Part of the debate – in the Senedd at 2:52 pm on 2 November 2016.
Diolch, Lywydd. Thank you for this opportunity to speak about and celebrate the Neath abbey ironworks, and thank you for this innovation in the Chamber.
The ironworks today are a dilapidated site, but as with many industrial sites in Wales, they were once a place of great innovation, of the earliest copper smelting and, latterly, the founding of ironworks that were strategically vital to the Welsh economy. Its export was exported to India, and it was a major place of employment for the people of Neath and beyond. In its heyday of the eighteenth and nineteenth centuries, it saw Neath being a globally connected town.

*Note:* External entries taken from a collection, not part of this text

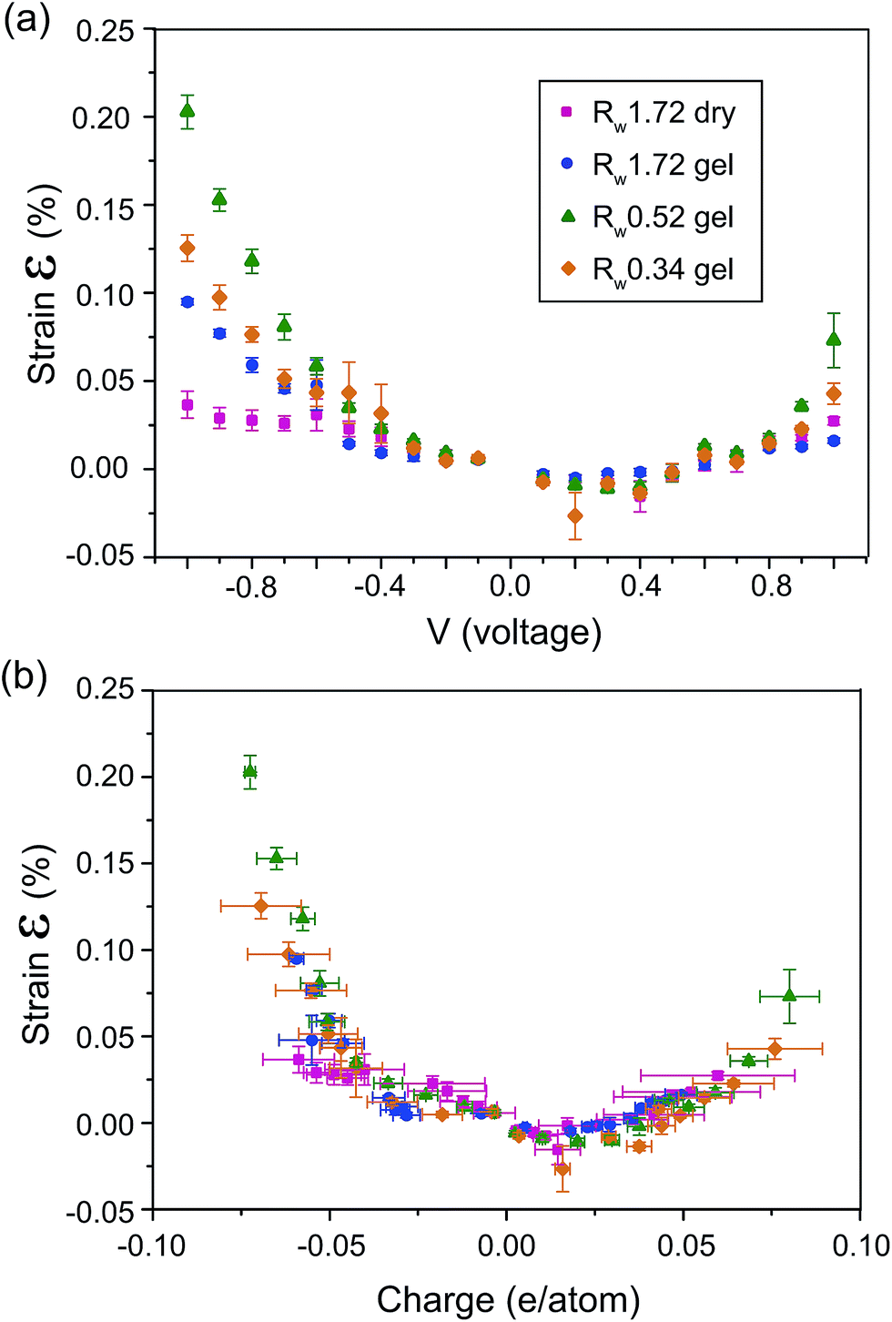 Previous studies have shown that the amount of injected charges dominate the electromechanical strain arising from the EDL effect.18,41 Hence, we integrated the measured current with respect to time to estimate the charges stored in the papers. Fig. 5(b) illustrates the strain against the respective charge per atom. At a given voltage, the Rw 1.72 dry papers store much less charge than the hydrogel papers do. This can be attributed to the much less accessible surfaces in the dry papers. The more charge accumulation in hydrogel papers enhance the coulomb forces in the EDL, generating a large driving force for mechanical deformation. At −1 V, the Rw 0.52 and Rw 0.34 hydrogel papers store similar charges: −0.072 vs. −0.069 electrons per atom. In spite of a small ∼4.3% difference in the charge values, there is a considerable ∼54% difference in the actuation strain results. This evidence indicates that the amount of injected charges (per atom) is not the only factor that governs the electromechanical actuation of our rGO papers.
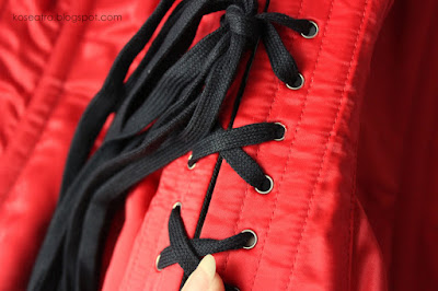 Gorset wiązany jest czarnym, płaskim sznurkiem, który nie rozciąga się i poprawnie spełnia swoją funkcję. To według mnie najlepszy rodzaj sznurka. Końce zostały estetycznie zabezpieczone tulejkami.
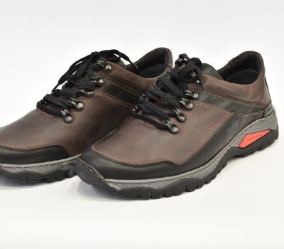 Pánská kožená multisportovní obuv v kombinaci barev černá/hnědý mahagon od Vás zaujme na první pohled svým kvalitním zpracováním a designem. tato lehká a pohodlná obuv Vás nezklame na výletech přírodou a neurazí ve městě. Svršek obuvi je vyroben z pravé lícové kůže. Obuv na bočních stranách je zdobena prošitým koženým proužkem v tmavě šedé barvy. Kožená stélka je vybavena podporou klenby. Uvnitř bot je textilní podšívka. Obuv je šněrovací s kvalitní syntetickou podrážkou, která vyniká dobrou přilnavostí na různých typech terénů. Jistota v chůzi je navíc podpořena vynikající prodyšností boty a dokonale odpruženou podešví, která absorbuje nárazy a tlumí tak dopad nohy.

We are indebted to the friends of the ironworks for keeping an awareness alive of the site, and recently to a public lecture in the town by Professor Huw Bowen of Swansea University, which charted a reclaimed future for the site as a place of exploration and of enterprise, where our heritage can be a guide to our future. The spirit of innovation embodied in the ironworks should not stay in our history. A place that exported the earliest steam engines around Europe should awaken the imagination of schoolchildren and help us all lift our sights as we build the future economy of our country. So, our task is to turn the example of this jewel of our Welsh economic heritage into inspiration for a new generation of innovators in a modern Neath and a modern Wales.